Window function LAG uses the entire partition even though a frame is specified
For example, the following:
# ...
mutate(
new_col=_.some_col.lag().over(
ibis.window(
group_by=_.some_id,
order_by=[ibis.asc(_.time_stamp),ibis.asc(_.some_other_id)]
)
)
) \
# ...
is converted to
LAG("t9"."col1") OVER (PARTITION BY "t9"."col2" ORDER BY "t9"."col3" ASC ROWS BETWEEN UNBOUNDED PRECEDING AND UNBOUNDED FOLLOWING) AS new_col
in Redshift and Postgres.
This works correctly when the backend is BigQuery:
LAG(`t9`.`col1`) OVER (PARTITION BY `t9`.`col2` ORDER BY `t9`.`col3` ASC) AS `new_col`
Ibis does not close a Postgres/Redshift open connection
import ibis
rs_conn = ibis.postgres.connect(
user=user,
password=password,
host=host,
port=port,
database=database,
client_encoding="utf-8"
)
> ResourceWarning: connection <psycopg.Connection [IDLE] (host=<HOST> port=<PORT> user=<USER> database=<DB>) at 0x7f3e8c4c2060> was deleted while still open.
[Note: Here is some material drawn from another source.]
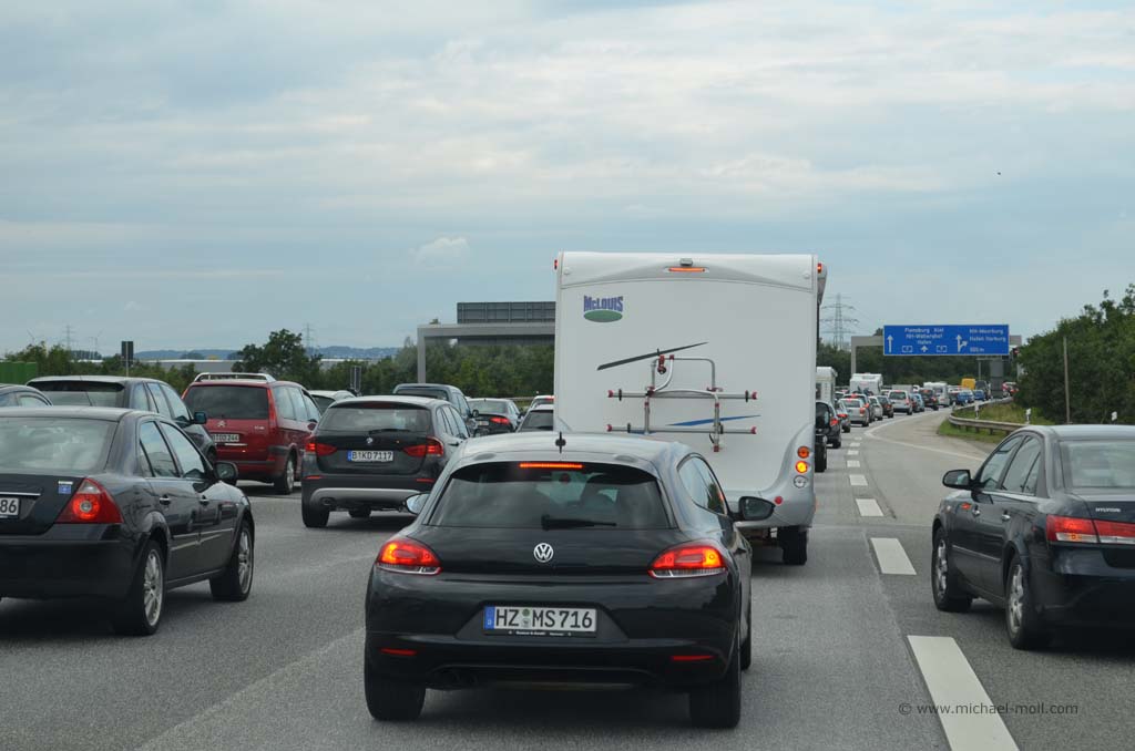 Also wird der Rest der Packerei, der noch übrig war, auf heute Morgen verschoben. Und auch einige private Mails, die schon länger auf Antwort warten mussten, sind noch am Morgen dran. So kommt es, dass wir erst gegen 13 Uhr aufbrechen. Viel später als wir es sonst gewohnt sind. Vollgepackt und gut gelaunt geht es auf die Autobahn 40, auf die Autobahn 43 und schon bald lassen wir das Ruhrgebiet hinter uns. Es folgt das Münsterland, Osnabrück und eine sich ewig ziehende Autobahn 1 bis Bremen.

Please use 'with' or '.close()' to close the connection
it looks like the backend doesn't provide a close() method.
rs_conn.close()
> AttributeError: 'Backend' object has no attribute 'close'
Thanks for the detailed reply. Responses inline.
ARRAY_AGGdoes not exist in Redshift
There's not much we can do here except possibly expose a dialect argument to the postgres backend. Realistically this is probably too much of a hack, since redshift has diverged significantly from postgres at this point, and we should just have another backend.
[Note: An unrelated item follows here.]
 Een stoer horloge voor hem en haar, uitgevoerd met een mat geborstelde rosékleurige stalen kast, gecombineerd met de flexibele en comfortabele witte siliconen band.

Is your company/organization willing to sponsor a redshift instance for running CI? That would be a strong motivator to add a new Redshift backend.
Window function LAG uses the entire partition even though a frame is specified
I'm not sure what you mean here. Did you mean this?
Window function LAG uses the entire partition even though a frame is not specified
(the emphasis is mine)
... in which case this might be a bug or an inconsistency across backends.
Ibis does not close a Postgres/Redshift open connection
The Ibis method is called disconnect, not `close.
Hi!
ARRAY_AGG does not exist in Redshift
There's not much we can do here except possibly expose a dialect argument to the postgres backend. Realistically this is probably too much of a hack, since redshift has diverged significantly from postgres at this point, and we should just have another backend.
Is your company/organization willing to sponsor a redshift instance for running CI? That would be a strong motivator to add a new Redshift backend.
I'll check to see if that can be done.
In the meantime, I think there may be an alternative. As I mentioned above, we are evaluating the ibis-framework as an alternative to R's dplyr + dbplyr.
That said, Hadley Wickham's dbplyr R package has defined a way to simulate a Redshift backend. It's built on top of Postgres and handles the difference in backend-redshift.R. Quoting their documentation, "there are generally few differences, apart from string manipulation". In particular, they use LISTAGG for flattening and provide overrides for LAG and LEAD among other functions.
Window function LAG uses the entire partition even though a frame is specified
I'm not sure what you mean here. Did you mean this?
Window function LAG uses the entire partition even though a frame is not specified
(the emphasis is mine)
... in which case this might be a bug or an inconsistency across backends.
Exactly, for the Postgres backend, ibis seems to add the frame clause even though it wasn't explicitly requested. This is not the case for BigQuery.
Here's the exact error:
psycopg.errors.SyntaxError: Frame clause should not be specified for window function lag
Hi @cpcloud , I've sent you a message on LinkedIn regarding your request so that we can discuss it further.
Is your company/organization willing to sponsor a redshift instance for running CI? That would be a strong motivator to add a new Redshift backend.